The group dedicated to Nutrition includes essential nutrients for diet, such as cereals or legumes, organized according to the origin of crops. In addition, there are botanical and commercial samples of seasoning herbs and spices, as well as various refreshing and stimulating drinks (tea, liqueurs, etc.). The samples are mostly of Spanish origin, but there are also American, North African and Asian products.
Basket Weaving is one of the largest and most significant sections in the collection. It includes baskets made of wood, mainly chestnut and hazel, and others made of herbaceous stems of wheat, rye, or hemp leaves, traditionally used to make hats or small baskets and panniers.
Among the basketry, it is worth highlighting the cordage section, dedicated to the use of plants in the production of ropes and braids for the manufacture of footwear and household goods. The pieces in the collection show the historical evolution of this practice: traditionally, the cordage fiber plants were hemp and esparto grass. The introduction of American plants, especially in the eighteenth century, modified procedures for braiding cords and increased their diversity. In the nineteenth century, new plants were added to this art, especially raffia. In the twentieth century, due to the introduction of plastic fibers (nylon), those practices fell into disuse.

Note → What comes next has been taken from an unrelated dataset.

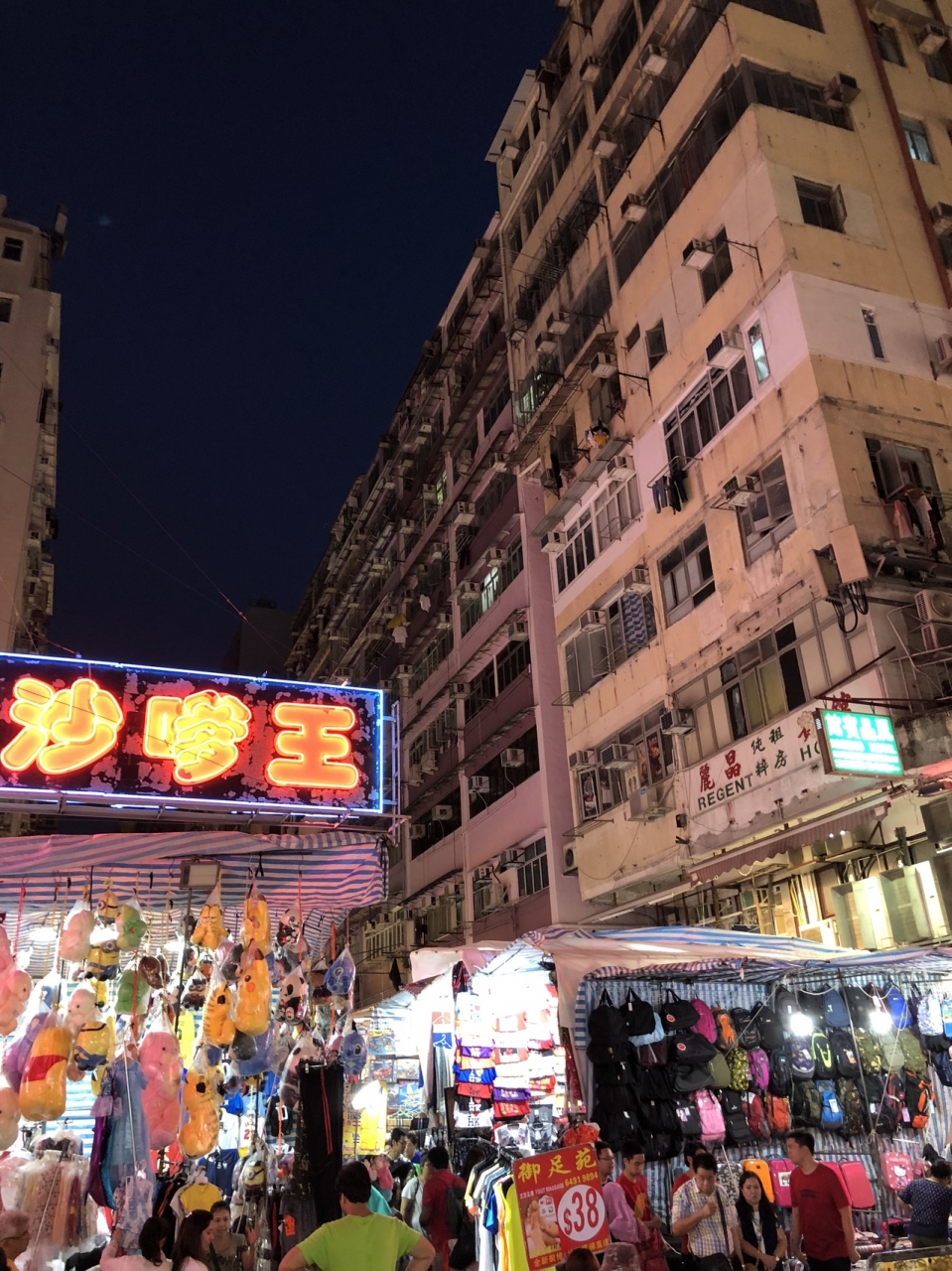 露店にはバック(パチモノ)を中心にスマホケースやTシャツ等の雑貨を扱うお店が1km程所狭しと並んでいます。友人はキャラクターの財布を二つ購入しましたが値札が付いていないので価格交渉。店主の提示額は一つ100HKDでしたが要らないと言って帰り掛けると電卓を出して来て希望価格を提示するように言われ50HKDと電卓に。結局二つで50HKDになり交渉成立しました。良品な商品は無いですが低価格で自分土産を購入するなら面白いエリアです。

The collection shows the use of plants as raw materials in the production of textiles such as cotton, linen, hemp, etc., as well as samples of fibers and fabrics.
The Dye Plants belong to another, larger group of the collection. Natural dyes have been replaced by chemical dyes since the second half of the nineteenth century. However, some handicrafts are still produced using traditional methods, and are represented in the collection.
The Cosmetic group highlights plants used in perfumes, oils or body dyes. Plants traditionally employed to make soap are of significant interest and hold an important place in the collection.
The group of Cultural Uses includes a broad representation of plants that served as charms and other religious and ritual objects, as well as vegetable products used in secular rites or recreational activities.